> **THE DATA**:
■ ■ ■ ■ ■ ■ ■

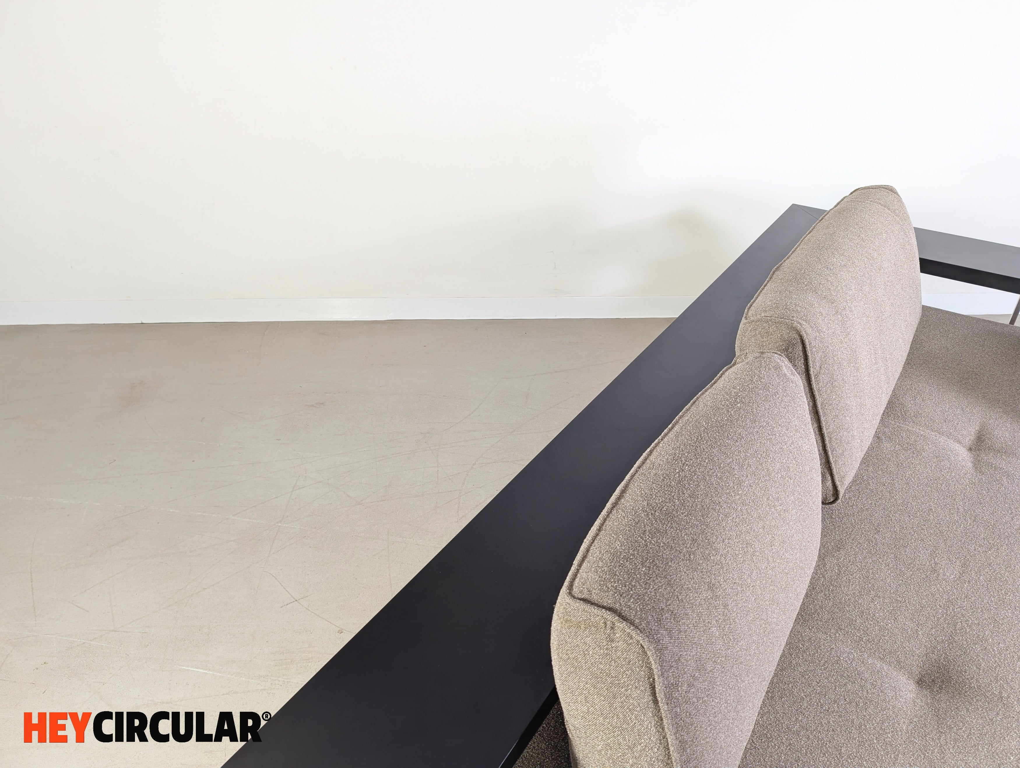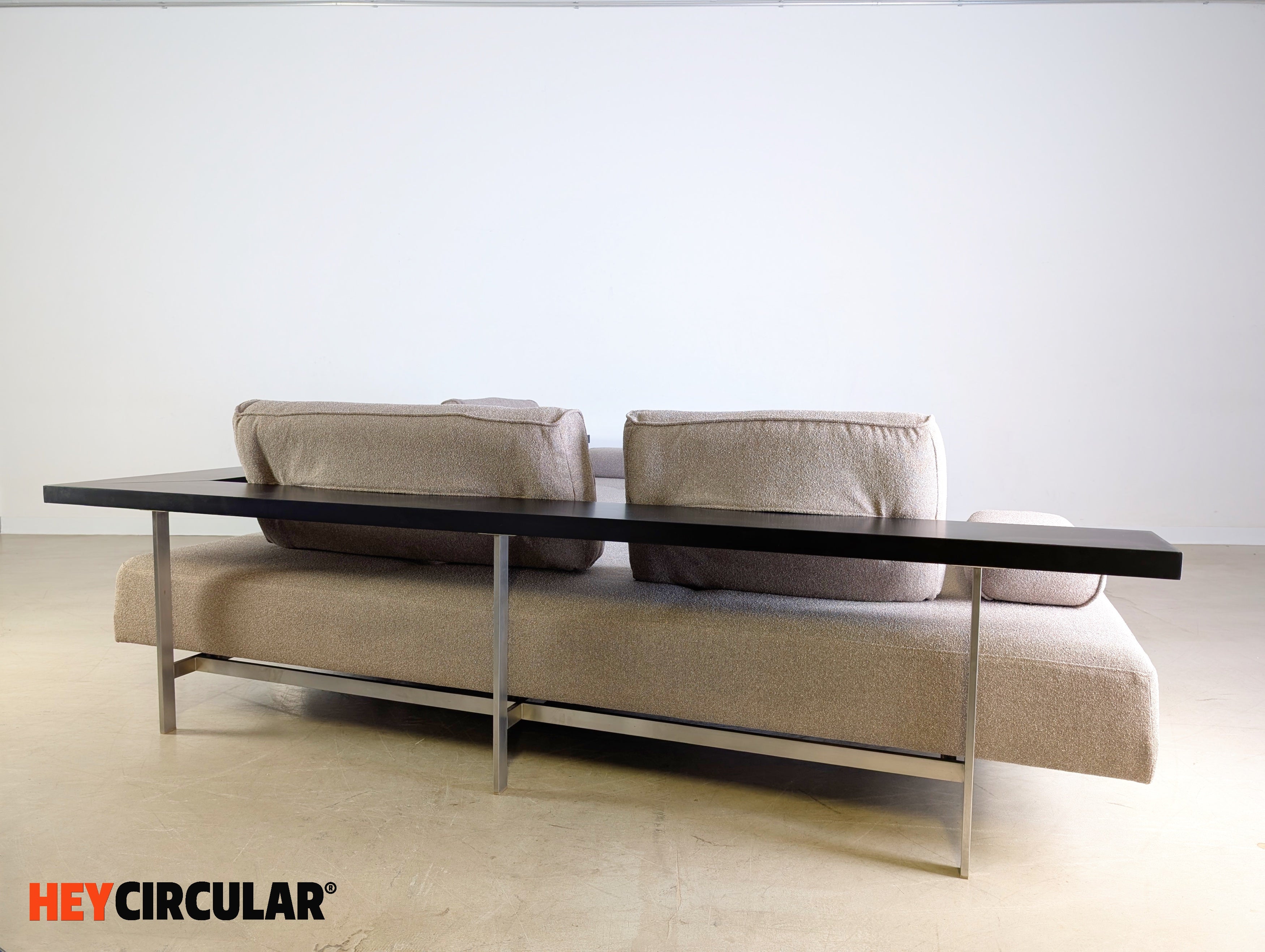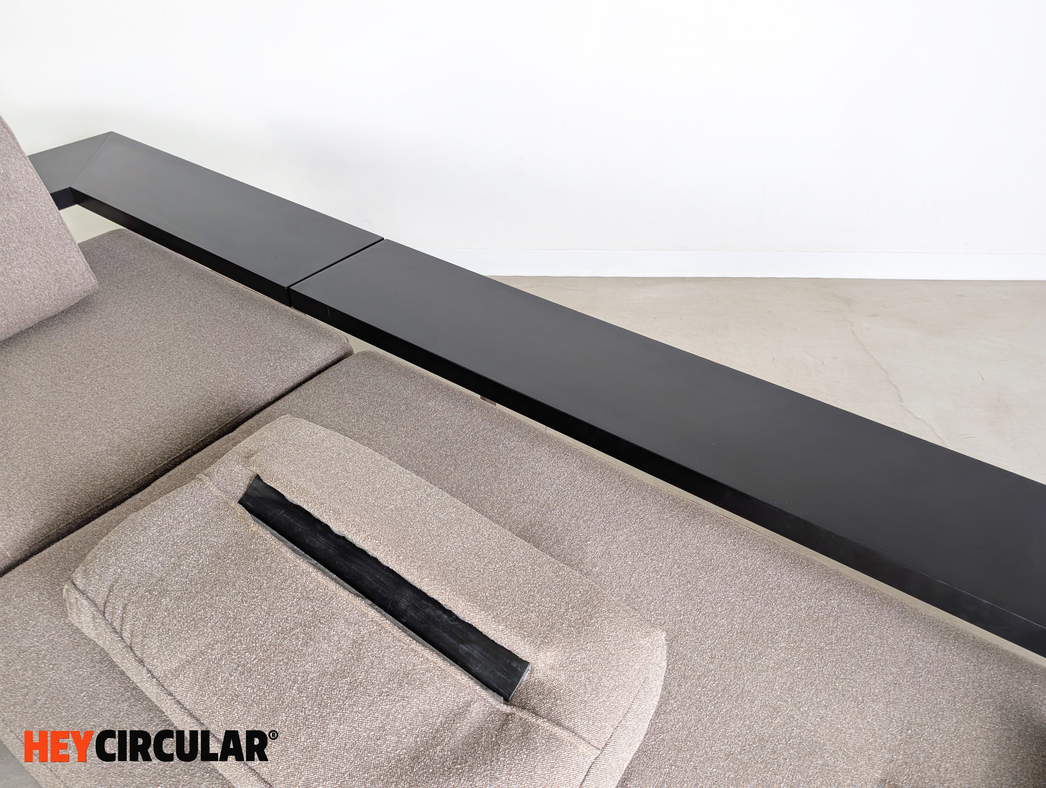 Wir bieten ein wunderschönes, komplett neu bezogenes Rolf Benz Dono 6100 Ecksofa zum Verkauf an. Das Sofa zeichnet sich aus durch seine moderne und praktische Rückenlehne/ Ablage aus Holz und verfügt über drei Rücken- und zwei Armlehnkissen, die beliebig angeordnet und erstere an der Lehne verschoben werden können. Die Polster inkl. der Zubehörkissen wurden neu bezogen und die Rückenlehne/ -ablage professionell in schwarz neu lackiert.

■ ■ ■ ■ ■ ■ ■

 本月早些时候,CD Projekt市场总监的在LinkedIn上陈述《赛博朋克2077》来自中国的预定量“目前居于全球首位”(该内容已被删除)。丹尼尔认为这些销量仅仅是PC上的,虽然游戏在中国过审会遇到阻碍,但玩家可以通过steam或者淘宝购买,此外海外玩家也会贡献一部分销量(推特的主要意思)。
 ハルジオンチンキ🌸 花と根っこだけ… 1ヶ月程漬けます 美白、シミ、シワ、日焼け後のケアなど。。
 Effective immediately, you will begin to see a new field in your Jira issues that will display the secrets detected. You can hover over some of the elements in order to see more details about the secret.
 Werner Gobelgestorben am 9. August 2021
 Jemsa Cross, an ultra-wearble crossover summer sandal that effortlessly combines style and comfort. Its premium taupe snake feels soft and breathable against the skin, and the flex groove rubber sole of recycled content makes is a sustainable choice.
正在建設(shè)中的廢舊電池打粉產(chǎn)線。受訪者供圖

■ ■ ■ ■ ■ ■ ■

> **REQUIRED ACTION**:
Report how many lines in the listing above hold the string "that", giving the number and no other words.

> **RESPONSE**:
2